**What needs to be done**
Your answer should be only the lines below from the one with "각가지 형광 색들의 캔디컬러로 단장한 세미라미스 호텔은" to the one with "掛牌上已經有孔洞,還有副粗針", repeated exactly, ends included.

**Provided data**
----

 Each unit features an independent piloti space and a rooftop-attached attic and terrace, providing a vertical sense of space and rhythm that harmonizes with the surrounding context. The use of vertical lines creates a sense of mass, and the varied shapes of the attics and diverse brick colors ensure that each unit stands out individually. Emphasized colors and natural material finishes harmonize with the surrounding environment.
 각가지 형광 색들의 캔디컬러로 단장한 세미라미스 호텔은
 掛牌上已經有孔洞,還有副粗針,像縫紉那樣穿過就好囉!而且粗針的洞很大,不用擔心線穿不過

----

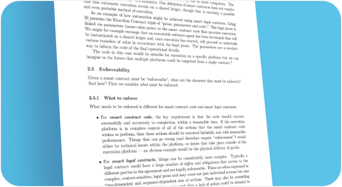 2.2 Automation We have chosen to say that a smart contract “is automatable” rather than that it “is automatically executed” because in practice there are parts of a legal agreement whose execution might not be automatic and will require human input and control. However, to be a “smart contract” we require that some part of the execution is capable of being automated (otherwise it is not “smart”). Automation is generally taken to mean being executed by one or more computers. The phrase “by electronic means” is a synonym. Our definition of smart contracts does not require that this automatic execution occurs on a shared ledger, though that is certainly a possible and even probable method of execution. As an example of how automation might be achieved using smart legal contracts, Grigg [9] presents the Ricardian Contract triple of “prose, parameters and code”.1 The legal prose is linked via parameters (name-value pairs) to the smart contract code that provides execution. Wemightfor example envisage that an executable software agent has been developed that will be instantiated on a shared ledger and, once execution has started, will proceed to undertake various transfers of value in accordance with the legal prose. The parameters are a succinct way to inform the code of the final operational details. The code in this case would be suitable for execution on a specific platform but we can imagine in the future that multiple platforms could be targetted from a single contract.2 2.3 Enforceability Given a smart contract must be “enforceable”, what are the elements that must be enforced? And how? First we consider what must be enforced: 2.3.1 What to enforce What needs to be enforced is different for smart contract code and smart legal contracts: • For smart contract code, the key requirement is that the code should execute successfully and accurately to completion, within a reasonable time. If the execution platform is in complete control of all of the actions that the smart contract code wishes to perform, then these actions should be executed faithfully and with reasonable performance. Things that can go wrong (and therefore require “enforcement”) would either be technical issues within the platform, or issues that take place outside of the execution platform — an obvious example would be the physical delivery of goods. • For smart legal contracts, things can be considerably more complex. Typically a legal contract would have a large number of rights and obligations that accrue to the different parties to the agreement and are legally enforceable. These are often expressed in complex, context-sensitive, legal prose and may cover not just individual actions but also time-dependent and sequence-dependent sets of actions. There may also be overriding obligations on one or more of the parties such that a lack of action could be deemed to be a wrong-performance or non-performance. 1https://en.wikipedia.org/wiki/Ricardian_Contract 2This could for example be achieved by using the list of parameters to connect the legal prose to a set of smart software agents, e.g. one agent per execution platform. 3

----

**Solution to this task**
 각가지 형광 색들의 캔디컬러로 단장한 세미라미스 호텔은
 掛牌上已經有孔洞,還有副粗針,像縫紉那樣穿過就好囉!而且粗針的洞很大,不用擔心線穿不過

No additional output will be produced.